DATA SHOWN:
::::

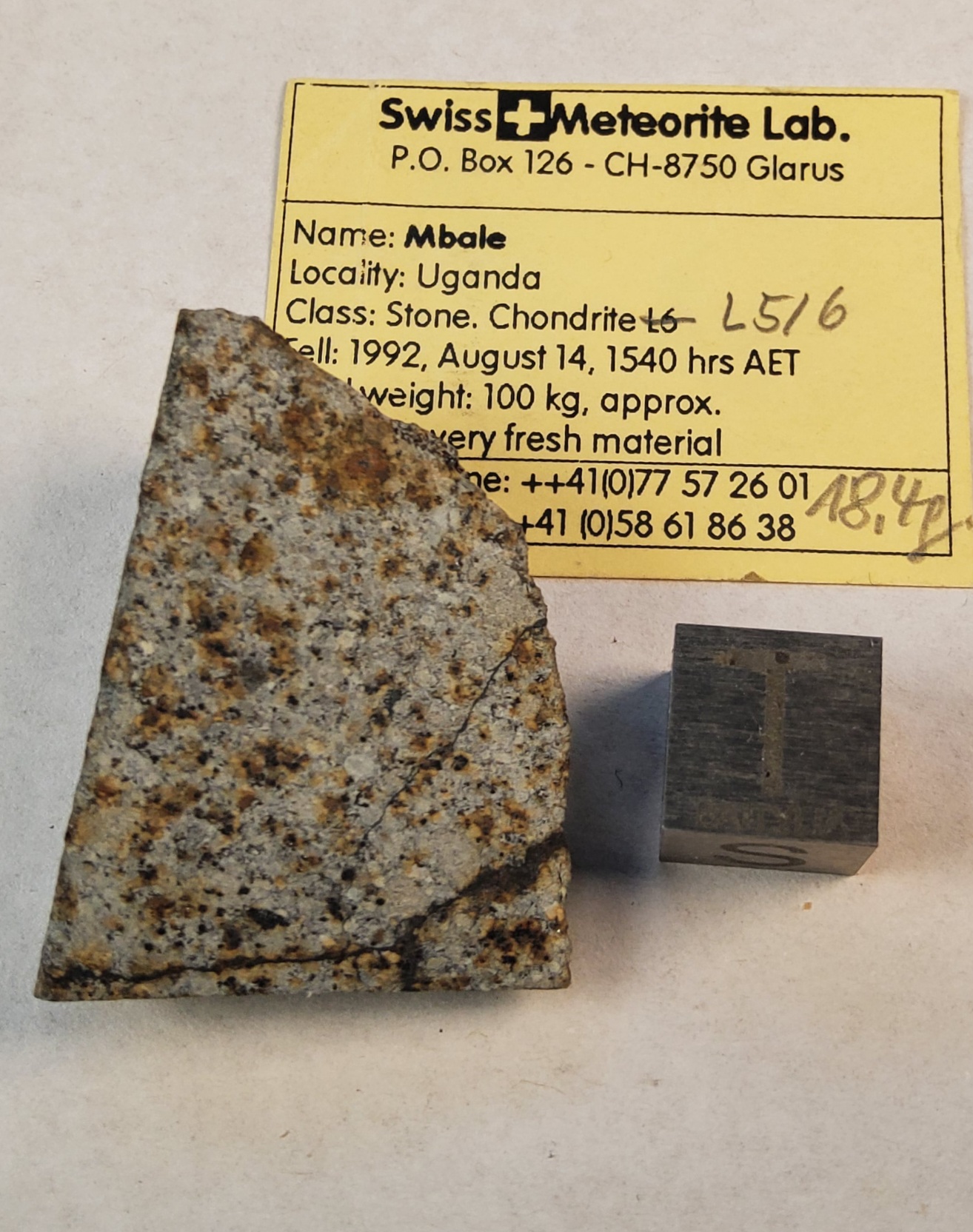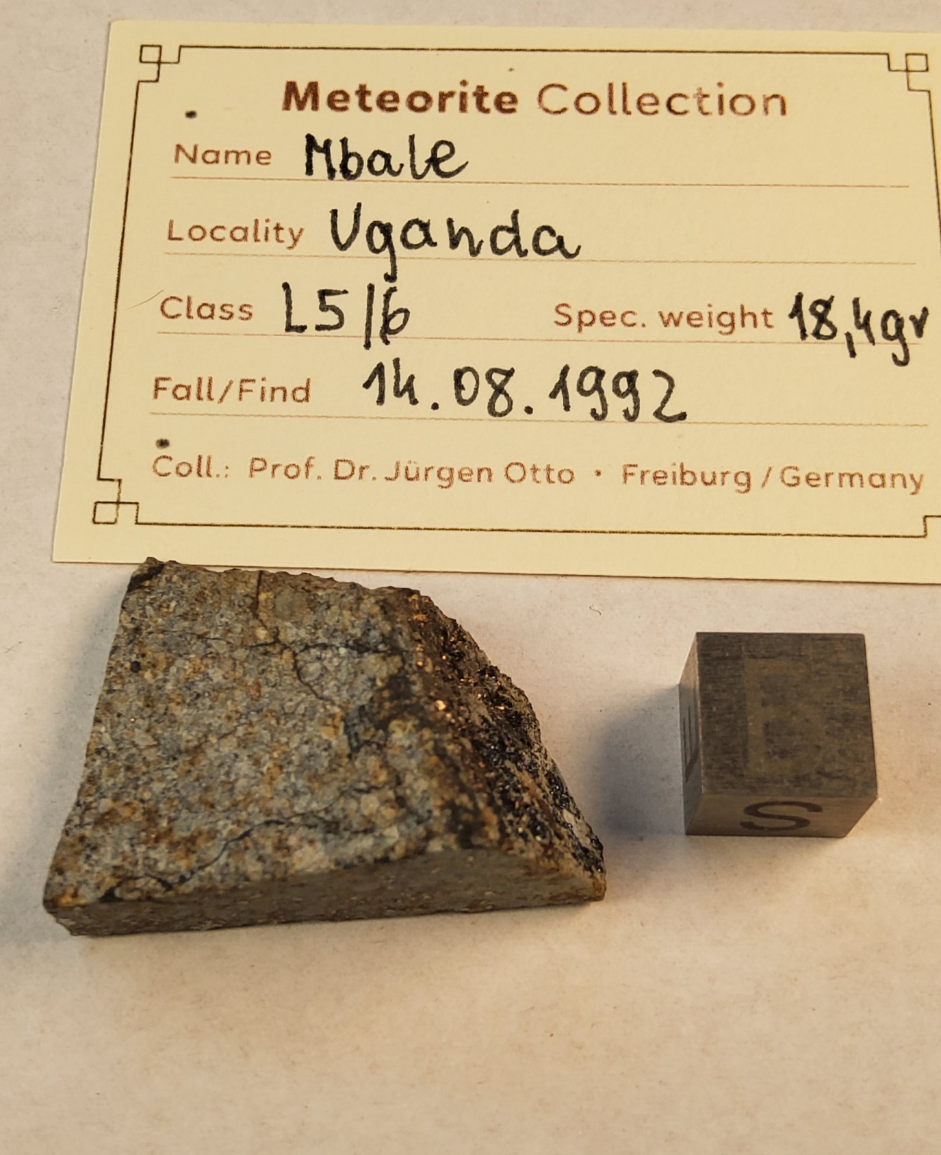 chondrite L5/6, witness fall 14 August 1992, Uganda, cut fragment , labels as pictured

::::

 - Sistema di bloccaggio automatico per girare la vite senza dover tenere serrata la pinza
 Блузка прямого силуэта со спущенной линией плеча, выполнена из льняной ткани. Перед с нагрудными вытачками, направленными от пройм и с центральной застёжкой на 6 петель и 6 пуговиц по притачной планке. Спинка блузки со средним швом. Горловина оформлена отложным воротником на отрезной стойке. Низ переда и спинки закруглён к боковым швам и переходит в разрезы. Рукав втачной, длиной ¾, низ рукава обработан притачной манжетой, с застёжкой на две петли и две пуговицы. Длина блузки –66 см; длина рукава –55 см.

::::

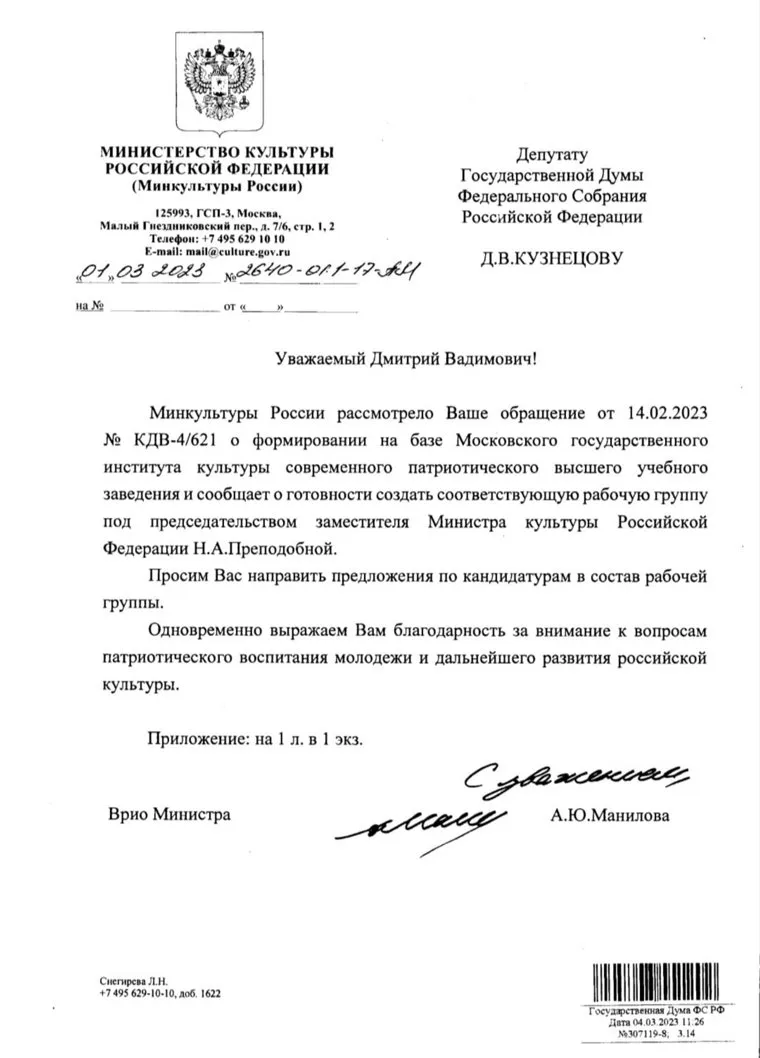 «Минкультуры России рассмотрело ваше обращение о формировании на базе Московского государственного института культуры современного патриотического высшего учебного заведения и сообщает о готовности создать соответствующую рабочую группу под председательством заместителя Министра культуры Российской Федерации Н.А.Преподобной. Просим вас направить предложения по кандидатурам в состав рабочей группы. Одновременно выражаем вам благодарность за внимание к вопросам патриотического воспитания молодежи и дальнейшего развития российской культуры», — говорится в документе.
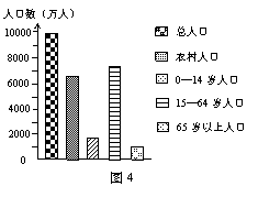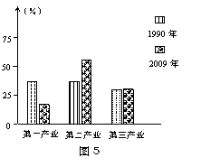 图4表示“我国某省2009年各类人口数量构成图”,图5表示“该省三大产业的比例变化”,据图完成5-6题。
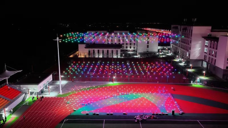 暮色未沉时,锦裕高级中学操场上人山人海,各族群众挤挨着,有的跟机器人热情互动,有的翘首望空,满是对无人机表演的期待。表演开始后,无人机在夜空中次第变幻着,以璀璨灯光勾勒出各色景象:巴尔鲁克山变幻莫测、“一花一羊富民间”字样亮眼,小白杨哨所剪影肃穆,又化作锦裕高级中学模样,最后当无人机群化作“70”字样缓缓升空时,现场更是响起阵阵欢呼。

::::

THE TASK:
Please, from the entries above, set down exactly the lines from the one containing "- Sistema di" through the one containing "Блузка прямого силуэта", and only those.

THE COMPLETED TASK:
 - Sistema di bloccaggio automatico per girare la vite senza dover tenere serrata la pinza
 Блузка прямого силуэта со спущенной линией плеча, выполнена из льняной ткани. Перед с нагрудными вытачками, направленными от пройм и с центральной застёжкой на 6 петель и 6 пуговиц по притачной планке. Спинка блузки со средним швом. Горловина оформлена отложным воротником на отрезной стойке. Низ переда и спинки закруглён к боковым швам и переходит в разрезы. Рукав втачной, длиной ¾, низ рукава обработан притачной манжетой, с застёжкой на две петли и две пуговицы. Длина блузки –66 см; длина рукава –55 см.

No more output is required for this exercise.